The majority of stars discovered are at the stage described below, with variations in temperature, size and composition depending on age. A star is mainly made of Hydrogen (70%), Helium (28%) and other heavier materials (2%). Such a star can be divided in to several sections:

Photosphere (4)

The Photopshere is a visible atmosphere of hot gases. It's mottled appearance comes from the turbulance below in the Convection Zone and is known as solar granulation. Most stars also have what is known as supergranulation, which is solar granulation on a much larger and longer scale. The temperature of the Photosphere is about 6000 K.

Corona (5)

The Corona, the stars 'outer atmoshpere', extends far out in to space. These arches of hot gases and smaller arches follow magnetic lines of force. At the base of the corona, above the Photosphere, is what is known as the Chromosphere. It is at approximately 30,000 K, while the corona, extending much further than the Chromosphere is at about 1,000,000 K. Another phenomenon of the Corona is what is known as prominences. This is cool material trapped in the Photosphere by the strong magnetic forces of the Corona. Occasionally these erupt and spray solar material in to space, but most fade away in a few days.

Stellar Wind

Stellar wind comes from what is known as coronal holes. These are areas where the magenetic forces of the Cornona are not as strong, and the hot gases of the Corona escape and fly out in to space at very high speeds along the stars magnetic lines of force. Solar wind can easily stretch out and beyond planets around the star.
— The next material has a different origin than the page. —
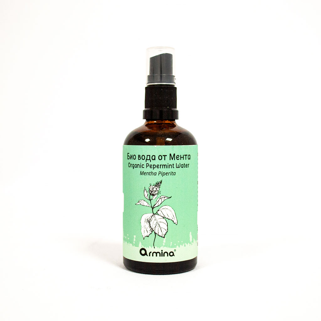 Флоралната вода от мента на Армина Био притежава мощно освежаващо, почистващо и антигъбично действие. Предотвратява пъпки и зачервявания, елиминира инфекции. Флоралната вода от мента оказва благоприятен ефект върху мазна, смесена и проблемна кожа като почиства, тонизира и освежава в дълбочина.

This region the solar wind effects is known as the heliospehere, which normally stretches well beyond most planets that orbit the star. Beyond the heliosphere is the heliosheath; the area of space where the solar flare and the suns magnetic field interacts with interstellar dust and gas outside of the star system. The well-defiend boundry between the heliosphere and heliosheath is called the heliopause. The heliosphere is sometimes also known as the Interplanetary magnetic field (IMF).

Convection Zone (2)

The area below the visible Photosphere but which does not initiate nuclear fusion is called the Convection Zone. The temperatur and pressure increases steadily as you go deeper in to the star. The Convection Zone has large currents and a lot of turbulance.

The Core (3)

The core, extending out to about 25% of the stars total radius, is where nuclear fusion happens. Temperatures in the core are around 16,000,000 K, at 150 times the density of water (typical Star). Under these conditions, the nuclei of hydrogen atoms combine together to form helium. The energy released is in the form of gamma radiation, and equals approximately 100 billion one megaton hydrogen bombs per-second.

Sunspot (1)

The appearance of black "sunspots" are simply cooler parts of the Photosphere. Sunspots are still incredibly hot, but appear dark in comparison to the far hotter normal Photosphere.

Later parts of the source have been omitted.